Native Ad Data API: Programmatic Access to Live Native Creatives
Most native ad intelligence is locked behind a dashboard, so here is how analysts and data teams pull live creatives, the real advertiser, supply-chain hops, and landing pages as structured records over an API.

If you have ever tried to do real analysis on native advertising, you know the wall. The intelligence exists, but it is trapped behind a dashboard. You can browse one creative at a time, eyeball a handful of advertisers, maybe export a CSV that is already stale by the time it finishes downloading. What you cannot do is treat native ad data the way you treat every other dataset in your stack: query it, join it, schedule it, pipe it into a model.
This guide is for the people who want the data, not the dashboard. Analysts building competitive trackers. Data teams enriching a CRM. Quants backtesting creative angles. And, increasingly, the AI agents doing that work without a human in the loop. The question is plain. How do you get live native creatives, the supply chain behind them, and the landing pages they point to as clean, structured records over an API?

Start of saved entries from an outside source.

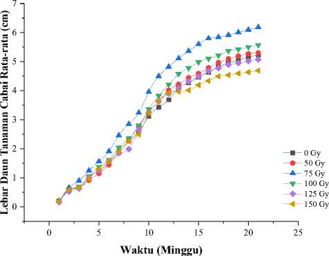 Hasil rata-rata untuk lebar daun cabai seperti ditunjukkan pada Gambar 2. Dari gambar tersebut dapat diamati bahwa lebar daun tampak berbeda untuk setiap kelompok sampel. Laju pertumbuhan daun paling cepat terjadi pada sampel dengan pemberian dosis 75 Gy. Dari uji statistik diperoleh bahwa tidak ada pengaruh secara signifikan pemberian radiasi gamma pada biji cabai terhadap pertumbuhan daun tanaman cabai.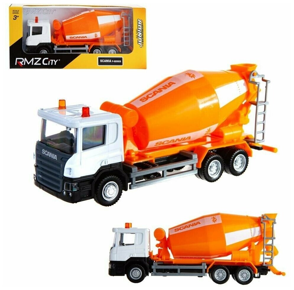 Машина металлическая RMZ City 1:64 Бетономешалка Scania, без механизмов, цвет оранжевый, 18.8 x 5.17 x 9 см - Uni Fortune [144005]
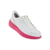 Kizik Womens Shoes: Sydney - Comfortable, Breathable, Casual Slip On Sneakers, Full Grain Tumbled Leather, Hands Free Convenience in a Timeless Style - White/Pink Peacock W10.5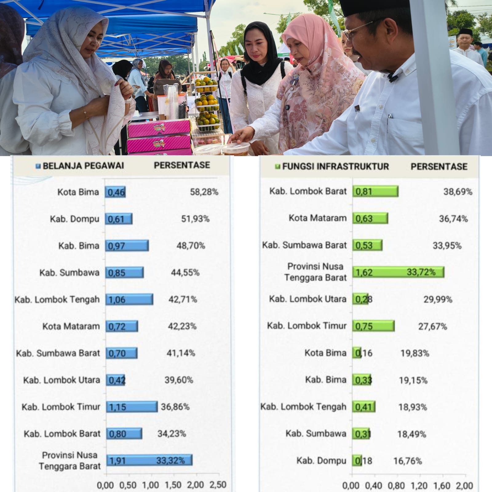 Data visual menunjukkan fungsi infrastruktur di Lombok Barat mencapai angka 38,69 persen. Angka ini melampaui rata-rata Provinsi NTB yang berada di angka 33,72 perseb, serta jauh mengungguli daerah lain seperti Kota Mataram dengan 36,74 persen dan Kabupaten Sumbawa Barat 33,95 persen. Tingginya angka ini mencerminkan keberanian Pemda mengalokasikan sumber daya untuk perbaikan jalan, fasilitas kesehatan, dan sarana publik lainnya.

For scale, here is what one neutral index looks like right now: 589,036 creatives, 5.4 million ad observations, 25,933 distinct advertisers, and 926,259 captured landing pages across 42 networks (OpenAdLibrary, June 2026). That is the size of the haystack. The job of an API is to hand you exactly the needles you asked for.
What a native ad data API actually returns#
A native ad data API is an endpoint that returns native advertising intelligence as machine-readable records instead of a web page. Each record bundles the creative (image and headline), the publisher and network that served it, the supply-chain hops behind the placement, the landing page the click resolves to, and timing signals like first-seen and last-seen dates. You filter, join, and aggregate it like any database table.
That tidy definition hides a lot of engineering. Unlike a search ad or a Meta ad sitting in an official library, a native placement is rendered by a native ad widget, the "Recommended for you" or "Around the web" strip at the bottom of articles. Those widgets are dynamic, geo-targeted, and personalized. That is exactly why a single static scrape misses most of the inventory. A real dataset has to capture across geos and over time, then deduplicate down to a stable creative.

Finance is the single biggest native vertical in the index, with 17,232 creatives, just ahead of insurance (15,629) and health (14,895). The ad above is a textbook example of the genre: a deadline, a vague authority, and a dollar number. It had been running 13 days when we last saw it, which tells you more about its profitability than any focus group could.
The four data layers, and why most tools only give you one#
Think of native ad data as four stacked layers. Most legacy tools surface the top layer and stop. The value compounds as you go down.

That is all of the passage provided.